* Requirement:
Please set down only the lines running from the one with "专属签名定制是一款专注于为用" through the last line of the entries, exactly as written and without any pictures.

* Provided entries:
◇ ◇ ◇ ◇

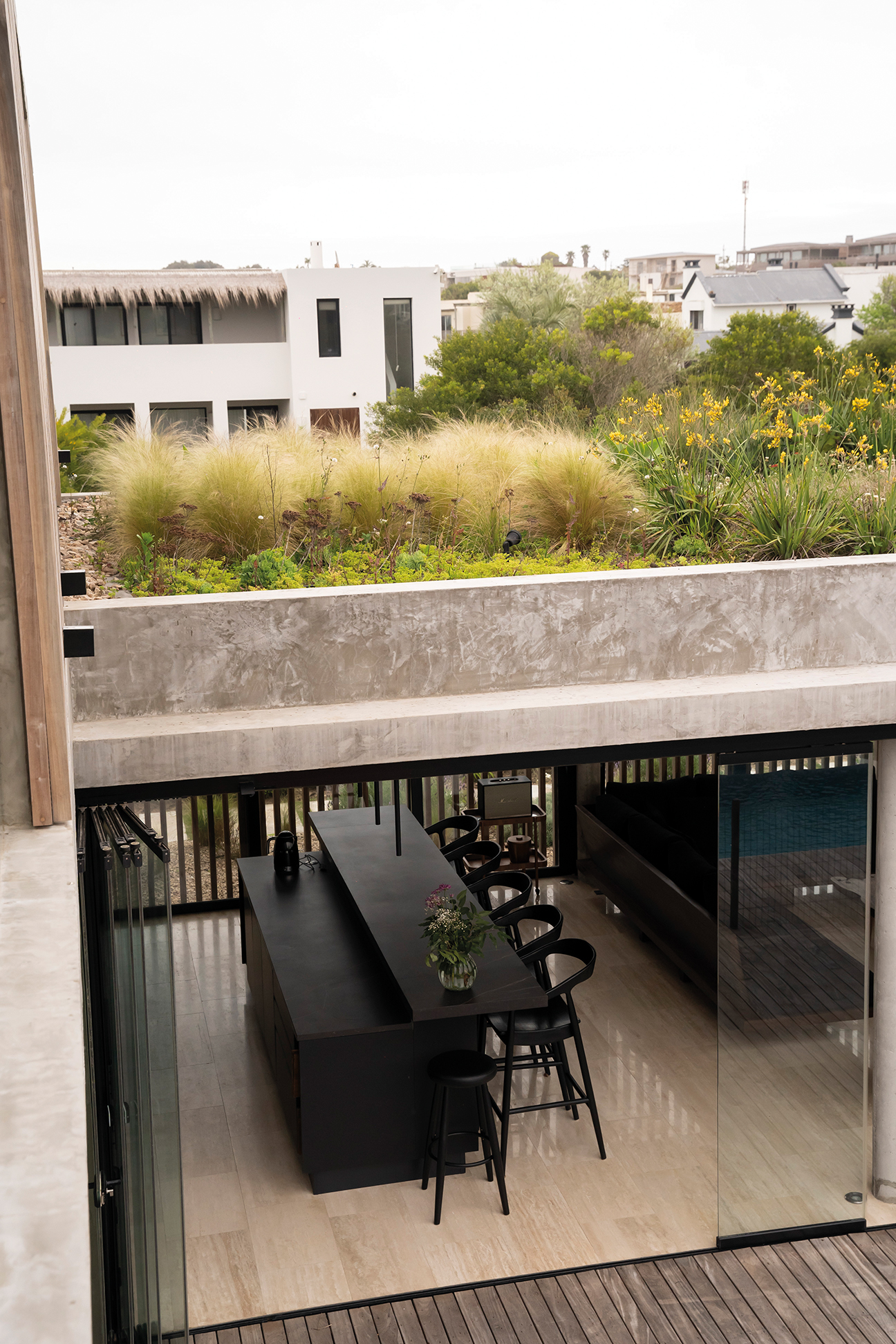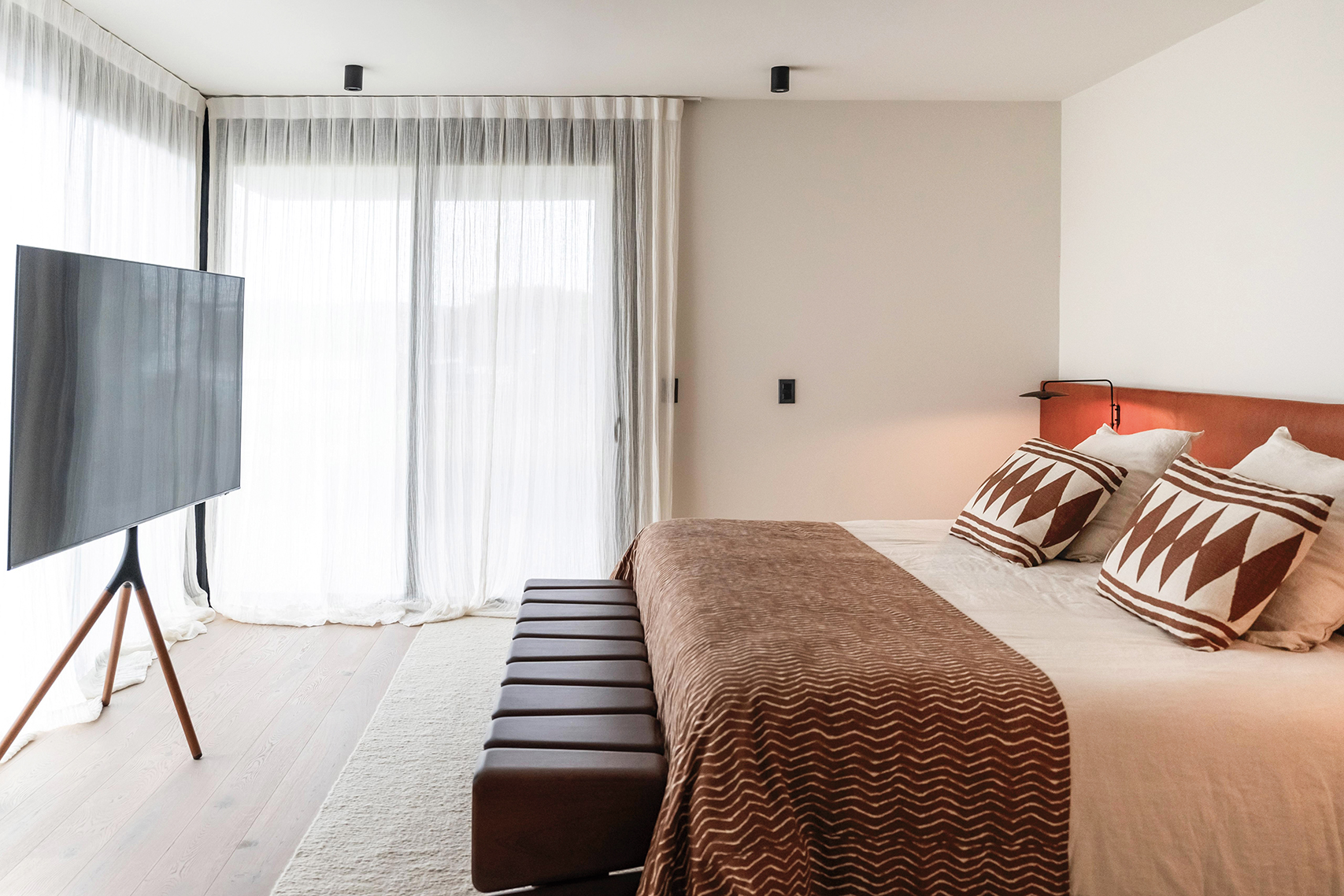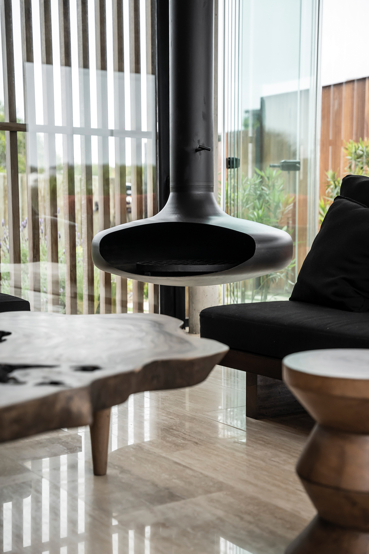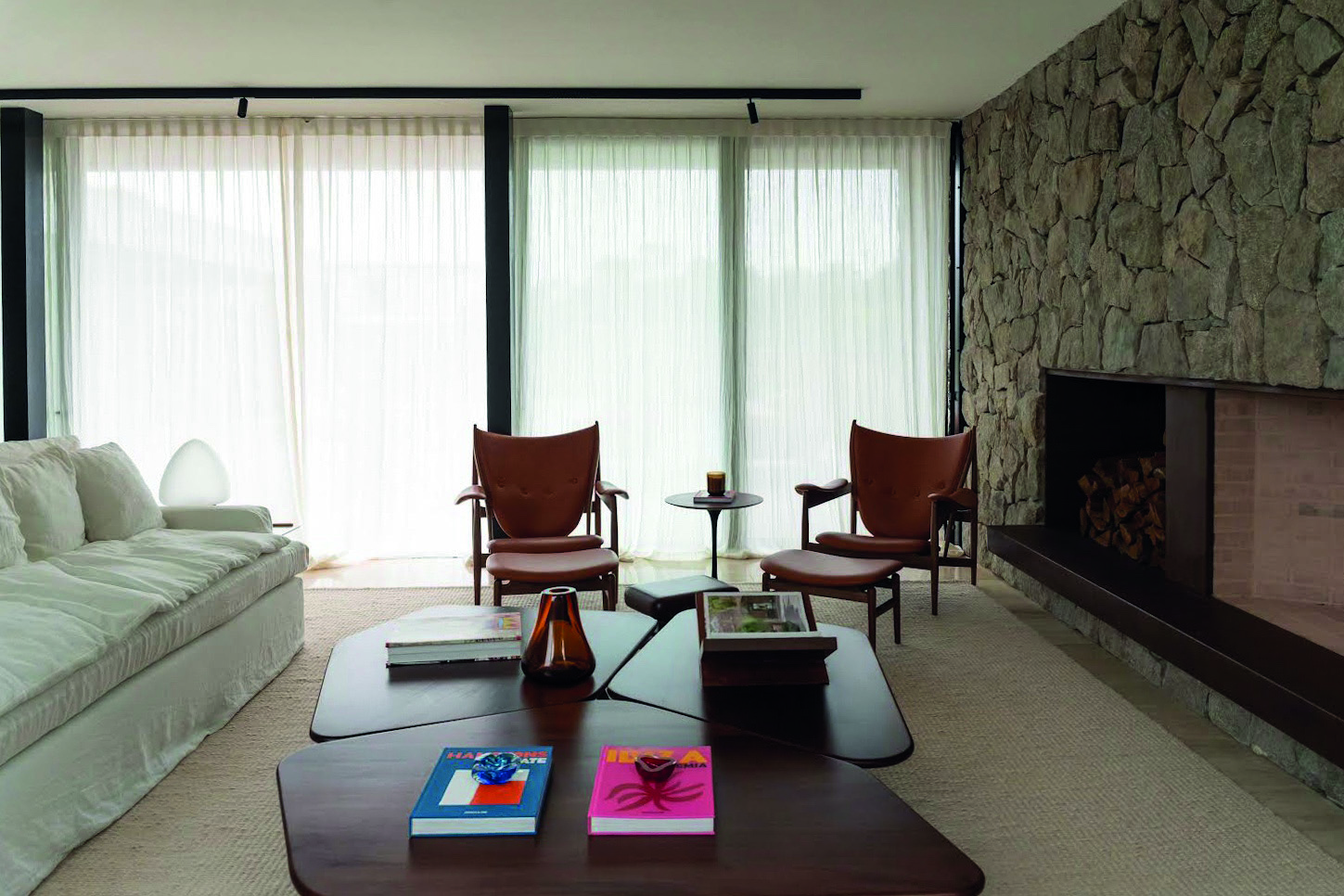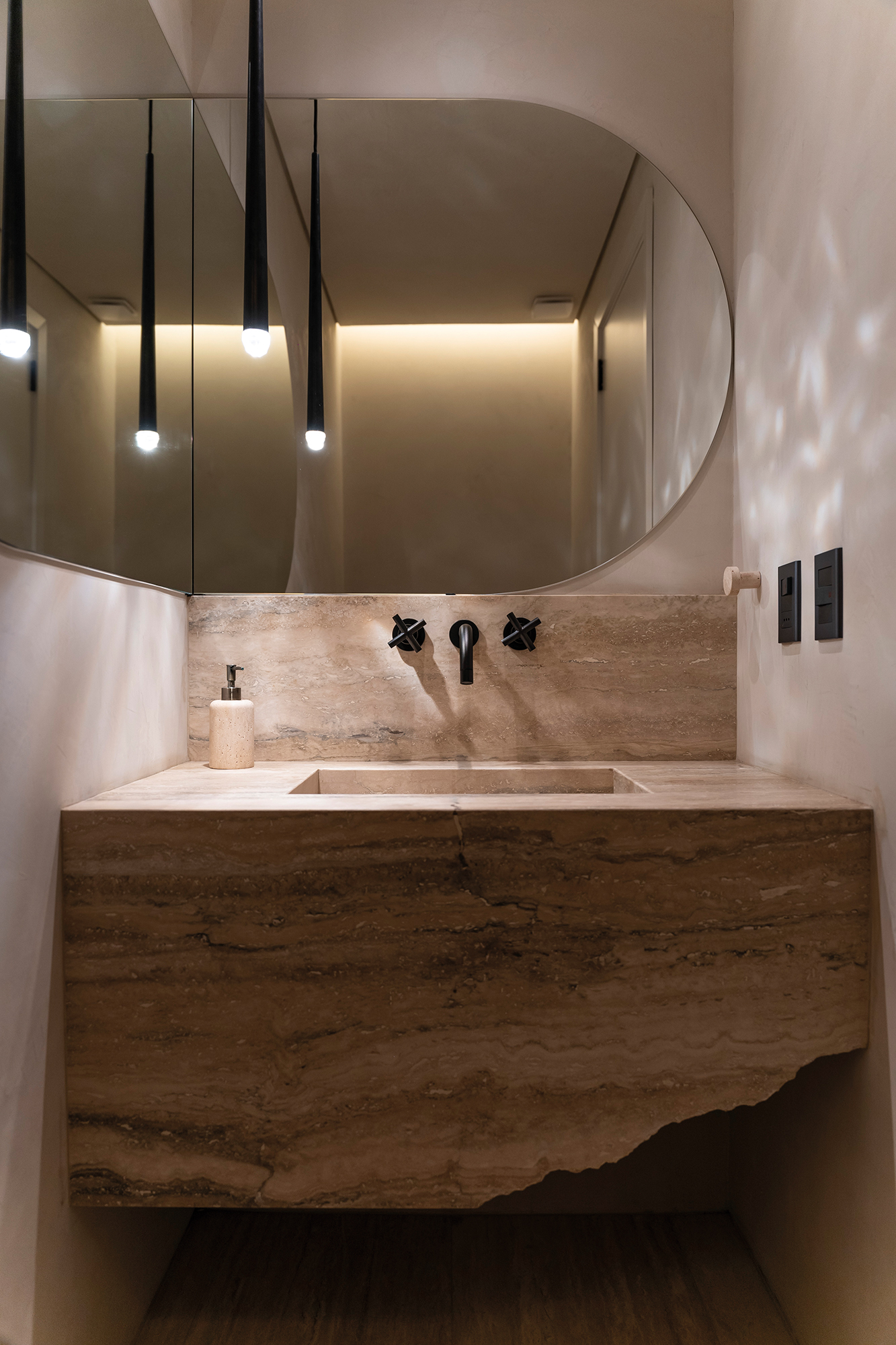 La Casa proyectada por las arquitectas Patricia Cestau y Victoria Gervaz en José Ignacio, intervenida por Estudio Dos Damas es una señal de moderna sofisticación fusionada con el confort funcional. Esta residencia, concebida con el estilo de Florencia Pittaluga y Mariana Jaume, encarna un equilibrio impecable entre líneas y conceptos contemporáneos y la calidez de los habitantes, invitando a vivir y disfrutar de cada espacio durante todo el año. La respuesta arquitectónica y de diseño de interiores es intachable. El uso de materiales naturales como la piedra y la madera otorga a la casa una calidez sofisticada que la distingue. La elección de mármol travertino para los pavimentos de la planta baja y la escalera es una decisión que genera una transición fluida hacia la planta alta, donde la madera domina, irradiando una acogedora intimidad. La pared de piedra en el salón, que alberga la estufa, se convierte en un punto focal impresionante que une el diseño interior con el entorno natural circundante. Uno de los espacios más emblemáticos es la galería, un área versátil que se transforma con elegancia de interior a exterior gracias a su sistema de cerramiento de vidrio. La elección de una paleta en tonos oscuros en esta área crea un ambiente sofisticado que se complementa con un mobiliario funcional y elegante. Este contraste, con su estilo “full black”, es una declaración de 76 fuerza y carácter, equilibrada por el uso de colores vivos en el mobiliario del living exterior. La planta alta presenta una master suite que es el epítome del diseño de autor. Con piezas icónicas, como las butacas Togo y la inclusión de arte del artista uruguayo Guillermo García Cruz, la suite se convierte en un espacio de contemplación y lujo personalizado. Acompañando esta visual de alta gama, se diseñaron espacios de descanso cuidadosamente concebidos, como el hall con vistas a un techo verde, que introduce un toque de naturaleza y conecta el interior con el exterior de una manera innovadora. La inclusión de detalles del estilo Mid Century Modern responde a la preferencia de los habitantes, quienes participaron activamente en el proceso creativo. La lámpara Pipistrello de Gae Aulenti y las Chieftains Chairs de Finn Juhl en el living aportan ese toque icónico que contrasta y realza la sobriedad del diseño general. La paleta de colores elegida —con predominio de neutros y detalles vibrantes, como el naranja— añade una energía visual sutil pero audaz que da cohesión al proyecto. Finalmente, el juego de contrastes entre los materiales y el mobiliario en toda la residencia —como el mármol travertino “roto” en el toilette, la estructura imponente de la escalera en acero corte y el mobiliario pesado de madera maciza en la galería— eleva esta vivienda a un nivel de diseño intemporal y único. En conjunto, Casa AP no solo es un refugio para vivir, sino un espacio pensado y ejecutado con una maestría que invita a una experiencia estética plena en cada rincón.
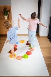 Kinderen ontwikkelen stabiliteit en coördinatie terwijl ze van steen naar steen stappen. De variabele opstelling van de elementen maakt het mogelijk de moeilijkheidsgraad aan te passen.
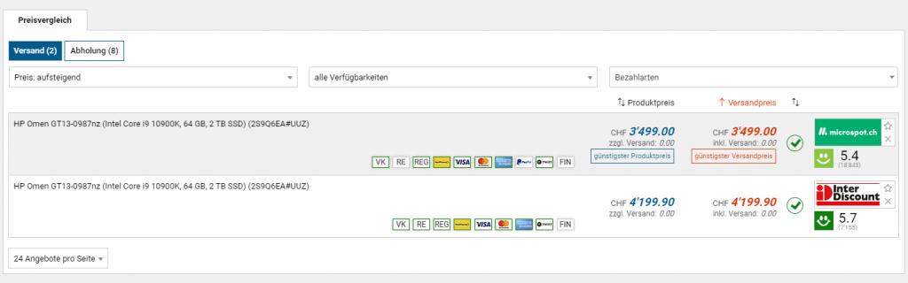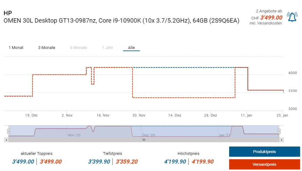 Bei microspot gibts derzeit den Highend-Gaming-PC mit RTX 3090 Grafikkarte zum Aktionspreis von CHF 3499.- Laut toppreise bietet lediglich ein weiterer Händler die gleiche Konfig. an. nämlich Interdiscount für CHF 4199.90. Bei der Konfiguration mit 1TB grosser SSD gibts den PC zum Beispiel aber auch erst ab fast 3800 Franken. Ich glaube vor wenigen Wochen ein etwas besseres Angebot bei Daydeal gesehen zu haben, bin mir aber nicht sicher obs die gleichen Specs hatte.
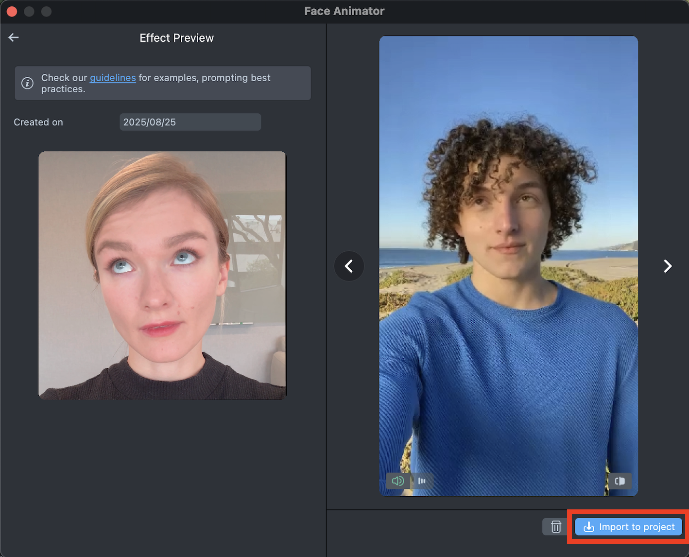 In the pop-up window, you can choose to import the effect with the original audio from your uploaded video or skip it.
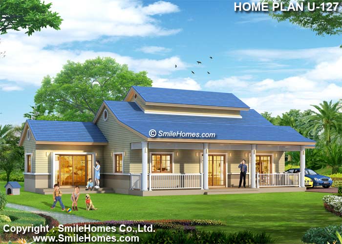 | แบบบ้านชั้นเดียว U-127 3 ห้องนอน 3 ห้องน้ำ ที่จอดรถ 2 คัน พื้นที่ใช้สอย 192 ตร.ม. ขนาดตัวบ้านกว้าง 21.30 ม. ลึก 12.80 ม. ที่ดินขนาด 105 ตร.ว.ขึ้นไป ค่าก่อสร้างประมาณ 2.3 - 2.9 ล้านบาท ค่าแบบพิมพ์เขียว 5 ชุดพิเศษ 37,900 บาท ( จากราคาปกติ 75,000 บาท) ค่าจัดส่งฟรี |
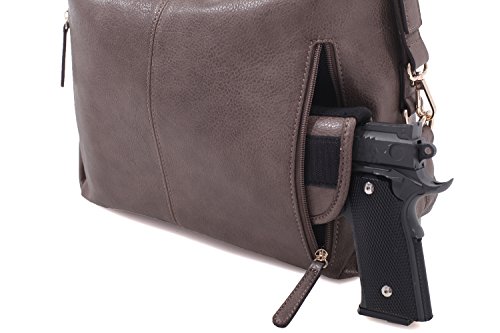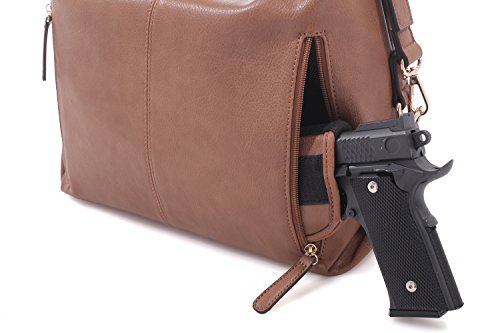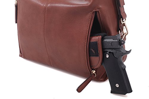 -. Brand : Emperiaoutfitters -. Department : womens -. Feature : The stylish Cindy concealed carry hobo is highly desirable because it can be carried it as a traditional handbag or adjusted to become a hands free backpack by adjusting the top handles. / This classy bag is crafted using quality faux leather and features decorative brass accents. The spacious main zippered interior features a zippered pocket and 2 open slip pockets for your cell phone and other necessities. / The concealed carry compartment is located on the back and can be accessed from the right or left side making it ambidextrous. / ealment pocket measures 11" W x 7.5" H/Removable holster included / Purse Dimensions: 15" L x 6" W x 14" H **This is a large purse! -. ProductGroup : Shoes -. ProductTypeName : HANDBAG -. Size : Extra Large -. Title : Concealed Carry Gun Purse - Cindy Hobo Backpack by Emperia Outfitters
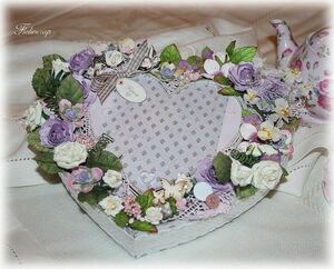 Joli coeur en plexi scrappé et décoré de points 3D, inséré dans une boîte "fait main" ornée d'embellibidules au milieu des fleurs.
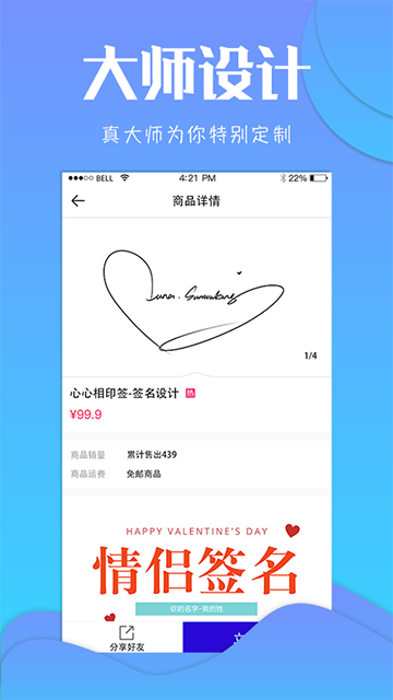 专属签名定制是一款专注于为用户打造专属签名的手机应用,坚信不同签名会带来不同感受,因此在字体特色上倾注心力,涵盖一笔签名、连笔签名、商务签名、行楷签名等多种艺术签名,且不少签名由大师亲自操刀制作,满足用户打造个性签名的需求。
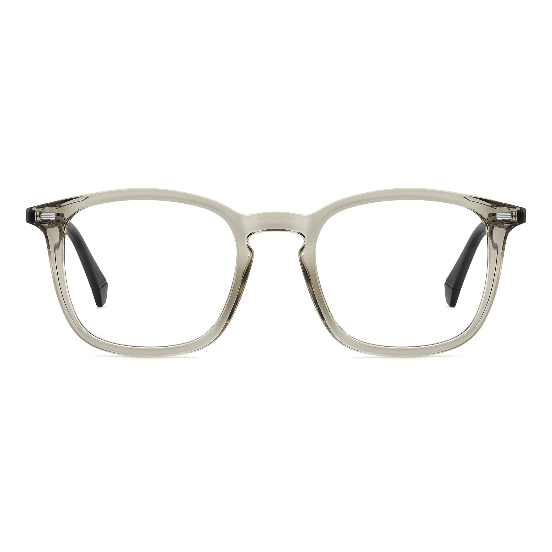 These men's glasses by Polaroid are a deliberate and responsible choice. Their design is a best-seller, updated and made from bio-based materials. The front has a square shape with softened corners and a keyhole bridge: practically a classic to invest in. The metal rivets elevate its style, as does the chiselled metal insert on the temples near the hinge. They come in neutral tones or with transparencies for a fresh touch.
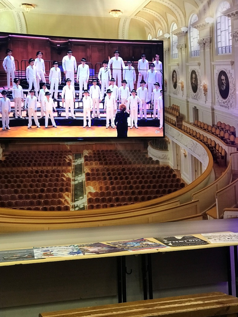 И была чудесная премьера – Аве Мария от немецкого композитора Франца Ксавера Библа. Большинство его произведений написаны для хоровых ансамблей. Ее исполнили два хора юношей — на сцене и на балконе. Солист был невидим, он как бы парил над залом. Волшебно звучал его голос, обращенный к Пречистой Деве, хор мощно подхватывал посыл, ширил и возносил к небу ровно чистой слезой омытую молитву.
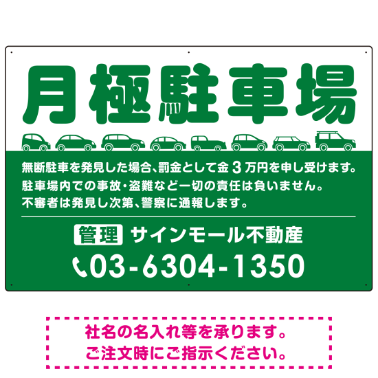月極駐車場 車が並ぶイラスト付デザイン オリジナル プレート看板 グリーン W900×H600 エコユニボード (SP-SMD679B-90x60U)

◇ ◇ ◇ ◇

* Answer space:
 专属签名定制是一款专注于为用户打造专属签名的手机应用,坚信不同签名会带来不同感受,因此在字体特色上倾注心力,涵盖一笔签名、连笔签名、商务签名、行楷签名等多种艺术签名,且不少签名由大师亲自操刀制作,满足用户打造个性签名的需求。
 These men's glasses by Polaroid are a deliberate and responsible choice. Their design is a best-seller, updated and made from bio-based materials. The front has a square shape with softened corners and a keyhole bridge: practically a classic to invest in. The metal rivets elevate its style, as does the chiselled metal insert on the temples near the hinge. They come in neutral tones or with transparencies for a fresh touch.
 И была чудесная премьера – Аве Мария от немецкого композитора Франца Ксавера Библа. Большинство его произведений написаны для хоровых ансамблей. Ее исполнили два хора юношей — на сцене и на балконе. Солист был невидим, он как бы парил над залом. Волшебно звучал его голос, обращенный к Пречистой Деве, хор мощно подхватывал посыл, ширил и возносил к небу ровно чистой слезой омытую молитву.
月極駐車場 車が並ぶイラスト付デザイン オリジナル プレート看板 グリーン W900×H600 エコユニボード (SP-SMD679B-90x60U)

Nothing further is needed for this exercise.